My front room looks like a storm hit it. Blankets are strewn here and there, dining chairs are out of place, and army men are waiting in camouflage to attack any bare feet that wander in. This is a result of fort-making yesterday and my being gone today. I've walked past the room several times and simply turned my head. I don't want to deal with it.
My mind has had some hurricane force winds blowing around lately, as well. My thoughts are topsy-turvy, ideas flung hither and yon. Focus is a far-fetched concept. I try to get a hold of some thought, but it's blown out of reach before I can grasp it.

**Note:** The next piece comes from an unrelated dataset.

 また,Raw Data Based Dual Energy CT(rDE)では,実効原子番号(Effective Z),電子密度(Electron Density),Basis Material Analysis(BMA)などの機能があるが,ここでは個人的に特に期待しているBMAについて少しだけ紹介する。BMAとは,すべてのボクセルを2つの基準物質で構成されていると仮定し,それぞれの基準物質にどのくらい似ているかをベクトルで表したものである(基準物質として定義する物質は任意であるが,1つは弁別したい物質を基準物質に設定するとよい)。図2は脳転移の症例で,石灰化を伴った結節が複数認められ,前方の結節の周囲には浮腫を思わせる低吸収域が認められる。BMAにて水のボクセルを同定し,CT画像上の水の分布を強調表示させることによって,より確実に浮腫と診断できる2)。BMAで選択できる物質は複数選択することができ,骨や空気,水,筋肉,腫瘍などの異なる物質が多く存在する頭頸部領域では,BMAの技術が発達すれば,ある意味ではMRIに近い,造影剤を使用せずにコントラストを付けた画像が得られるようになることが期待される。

I know what the problem is, but like my front room, I've had blinders on. I find something else to distract me. facebook. Blogs. Pintrest. More blogs. Housework, yes, even that.

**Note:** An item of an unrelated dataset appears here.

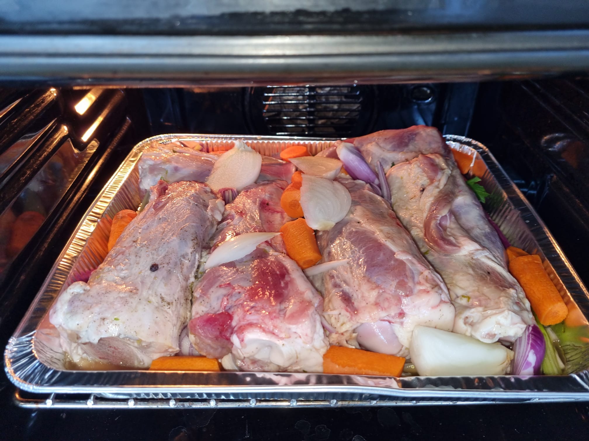 Φτιάχνουμε τι μαρινάδα και ρίχνουμε μέσα το κότσι και το ανακατεύουμε και το αφήνουμε όλο το βράδυ σκεπασμένο με μεμβράνη,

I think I know what I need to do. I'm shying away from it like a dentist chair. It won't be painful to anyone but me. Still, I cringe at the very word.
Yep. A break.
From my kids? No, in fact they will soon be much more a part of my life. Another reason a break will be helpful. I have a very small window of time before the tsunami of children waves in and overtakes me.

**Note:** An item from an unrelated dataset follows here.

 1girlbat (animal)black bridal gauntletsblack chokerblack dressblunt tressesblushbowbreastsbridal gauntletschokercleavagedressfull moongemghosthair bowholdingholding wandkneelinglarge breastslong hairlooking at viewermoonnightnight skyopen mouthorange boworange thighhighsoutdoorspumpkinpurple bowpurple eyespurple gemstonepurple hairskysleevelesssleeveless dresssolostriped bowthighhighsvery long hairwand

A break. From this. My blog. Your blogs. (ack! Really? How can I function without reading your amazing, inspiring, humorous words? How will you live without my comments? Seriously, don't you just wait with bated breath for me to comment?)
You can partially blame Deb from Kicking Corners. She put the idea in my head. We spent the morning together and discussed so much about writing. (I wish I'd been as smart as her when I was as young as her!) We talked about how we write, do our loved ones 'get it'. And, we talked about taking breaks, and how we don't get nearly as much done as we'd planned. But, still.
Plus, we had this great writing group and I got some fabulous feedback. I'm rejuvenated. I want to write. I need to write. But, I need focus. And, dang it, the Internet pulls my focus like a tornado, spinning it and blowing it up and out and away.
Give me a week. A week to write and get my house in order. Literally. A week to seclude myself before my kids get out of school and start demanding my time and attention. A week to finish those last 75 pages. A week to read my entire book aloud. A week to polish my query letter. A week to psyche myself out that I'm really ready to do this.